Hingga pertengahan tahun 2026, realisasi retribusi parkir tepi jalan umum baru mencapai 26,05 persen dari target tahunan sebesar Rp967 juta.

Kondisi tersebut menjadi perhatian serius karena capaian tersebut masih jauh dari target ideal triwulan kedua yang seharusnya sudah berada di angka sekitar 40 persen.

Kepala Bidang Lalu Lintas Dishub Batang, Landriyono, mengungkapkan bahwa rendahnya realisasi dipengaruhi belum optimalnya pemetaan potensi parkir di sejumlah wilayah.

Dari total 15 kecamatan di Kabupaten Batang, baru 11 kecamatan yang telah tergarap, sementara empat kecamatan lainnya belum memberikan kontribusi.

“Yang belum bisa diambil potensinya ada empat kecamatan, yaitu Reban, Wonotunggal, Pecalungan, dan Kandeman.

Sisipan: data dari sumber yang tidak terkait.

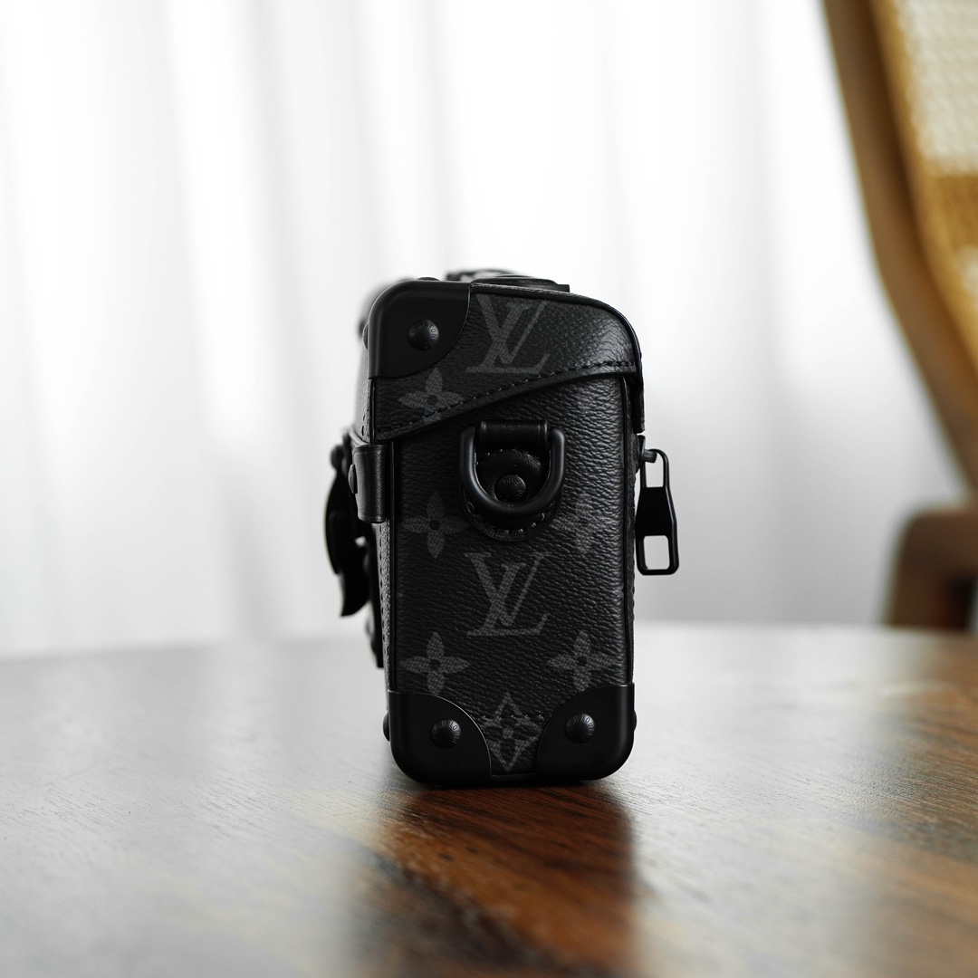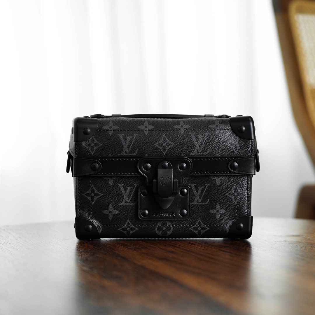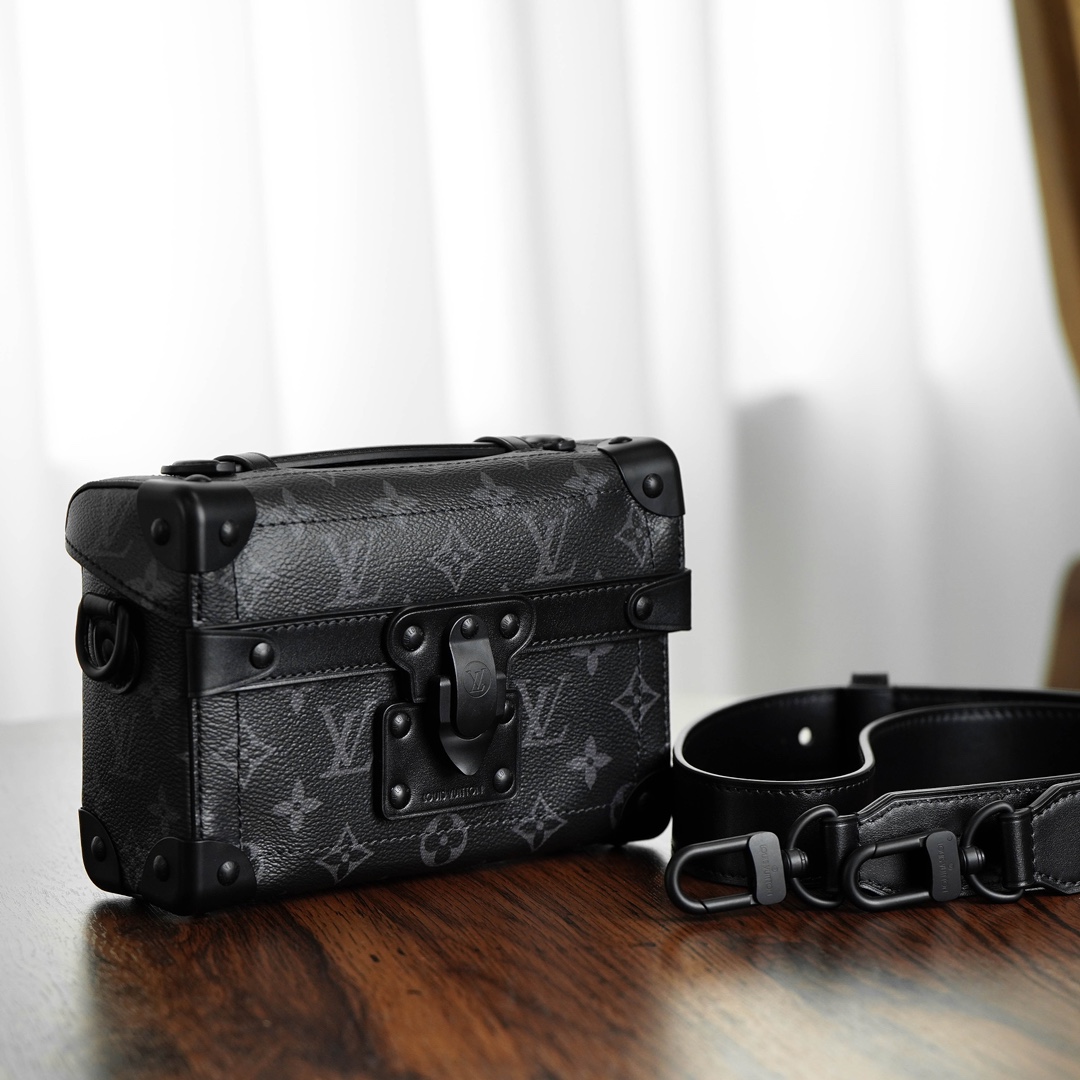 全新上线!2024新款 Soul Trunk 男士斜挎包震撼登场。经典软盒包,棱角分明搭配金属包角,演绎百年制箱传统,尽显奢华。金色链条如璀璨星辰,散发时尚气息。反转老花拼色与大气五金配件相得益彰,经典锁扣画龙点睛

Di wilayah tersebut belum ada titik-titik parkir tepi jalan umum yang bisa dikelola,” ujar Landriyono di Kantor Dishub Batang, Senin (22/6/2026).

Menurut dia, di wilayah tersebut aktivitas jalan raya belum memenuhi kriteria sebagai titik parkir tepi jalan umum yang legal untuk dikelola. Kondisi ini membuat potensi retribusi belum dapat dioptimalkan.

Ia mencontohkan di Kecamatan Pecalungan, aktivitas kendaraan memang ada, namun terkonsentrasi di area pasar tradisional yang pengelolaannya berada di bawah instansi lain.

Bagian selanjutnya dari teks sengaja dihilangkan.